*Directions:* Restate word for word all of the lines below, with each image left out.

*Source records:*
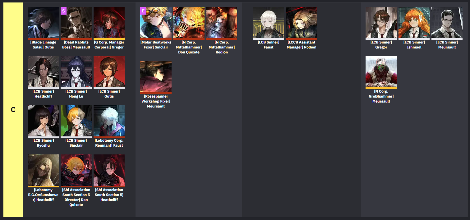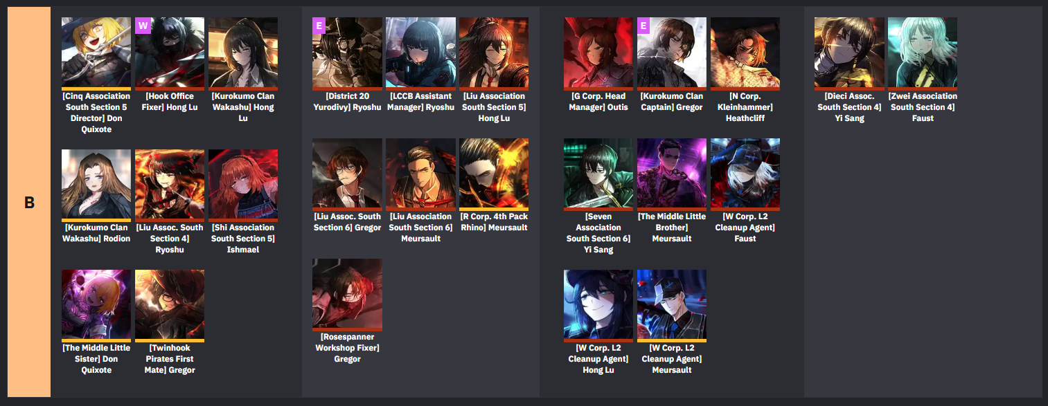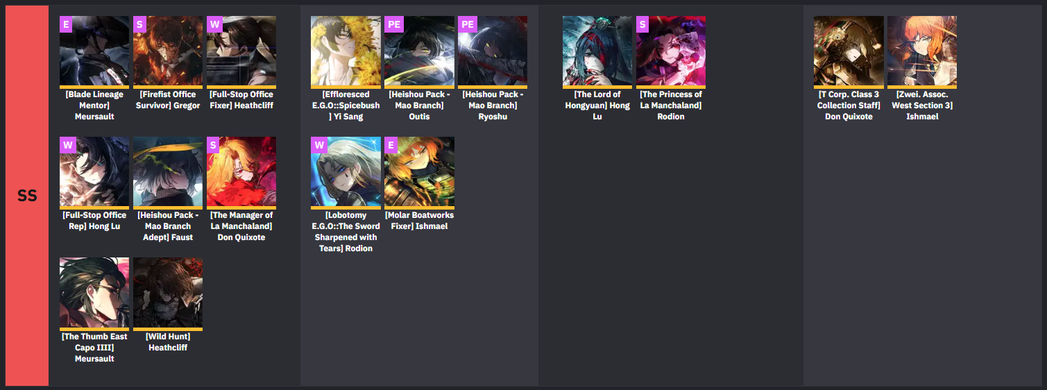 출처 https://www.prydwen.gg/limbus-company/tier-list/
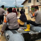 Anggota Kompi 3 Batalyon B Pelopor Satbrimob Polda Jambi membantu korban banjir di Kabupaten Kerinci |…
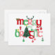 Merry and Bright Christmas in red and green lettering with retro ornaments, Christmas tree, and antlers.
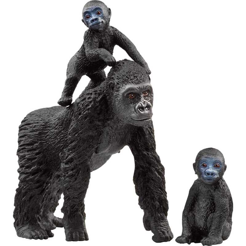 Wat een schattig gorillagezin! De gorillamoeder leunt op haar armen en houdt haar twee baby’tjes nauwlettend in de gaten, zodat ze veilig blijven. Een van de babygorilla’s is waarschijnlijk wat moe. Hij zit op de grond en staart wat slaperig voor zich uit. Misschien is het tijd voor een dutje. Zijn zusje is veel actiever: ze probeert rechtop te staan, op alle vier de poten door de jungle te kruipen en klimt zelfs op moeders rug. Er zijn zoveel verschillende spelletjes die je kunt spelen met dit levensechte gorillagezin. Misschien dat de schattige baby’s ooit grote gorilla’s worden in je speelkamer?
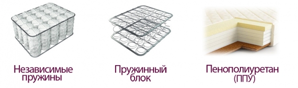 - mattress is better to choose the combined type (puff of polyurethane foam with coir or of independent springs with coir): a tough additive will prolong the life of the mat and will have a positive effect on health;
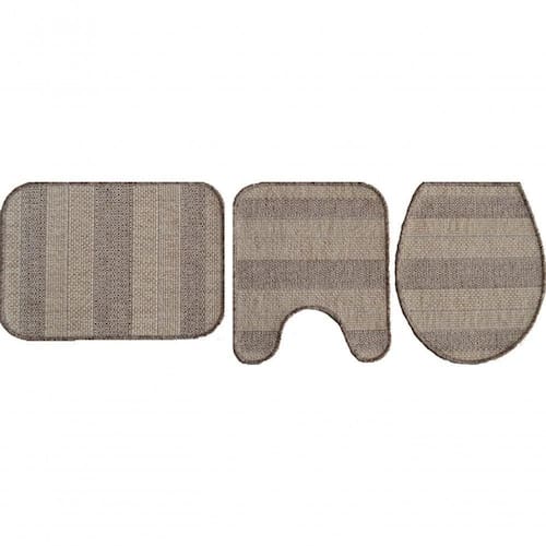 Ficha Técnica Informações técnicas para esse produto Produto Jogo de Banheiro Natural Look Qualidade Sisal Jacquard Densidade 320 pontos/m Batidas 550 linhas/m Pelos 352.000 Superfície 100% Polipropileno Poliseda Altura do Pelo Flatweave Medidas 1 peça 042x050 + 1 peça 042x050 + 1 peça 042x060 Base Antiderrapante *Fotos ilustrativas. Variações de cores podem acontecer em diferentes aparelhos/equipamentos. Contraste e brilho são configurados de forma diferente em cada marca de smartphone, monitor e televisão.

*Solution:*
 출처 https://www.prydwen.gg/limbus-company/tier-list/
 Anggota Kompi 3 Batalyon B Pelopor Satbrimob Polda Jambi membantu korban banjir di Kabupaten Kerinci |…
 Merry and Bright Christmas in red and green lettering with retro ornaments, Christmas tree, and antlers.
 Wat een schattig gorillagezin! De gorillamoeder leunt op haar armen en houdt haar twee baby’tjes nauwlettend in de gaten, zodat ze veilig blijven. Een van de babygorilla’s is waarschijnlijk wat moe. Hij zit op de grond en staart wat slaperig voor zich uit. Misschien is het tijd voor een dutje. Zijn zusje is veel actiever: ze probeert rechtop te staan, op alle vier de poten door de jungle te kruipen en klimt zelfs op moeders rug. Er zijn zoveel verschillende spelletjes die je kunt spelen met dit levensechte gorillagezin. Misschien dat de schattige baby’s ooit grote gorilla’s worden in je speelkamer?
 - mattress is better to choose the combined type (puff of polyurethane foam with coir or of independent springs with coir): a tough additive will prolong the life of the mat and will have a positive effect on health;
 Ficha Técnica Informações técnicas para esse produto Produto Jogo de Banheiro Natural Look Qualidade Sisal Jacquard Densidade 320 pontos/m Batidas 550 linhas/m Pelos 352.000 Superfície 100% Polipropileno Poliseda Altura do Pelo Flatweave Medidas 1 peça 042x050 + 1 peça 042x050 + 1 peça 042x060 Base Antiderrapante *Fotos ilustrativas. Variações de cores podem acontecer em diferentes aparelhos/equipamentos. Contraste e brilho são configurados de forma diferente em cada marca de smartphone, monitor e televisão.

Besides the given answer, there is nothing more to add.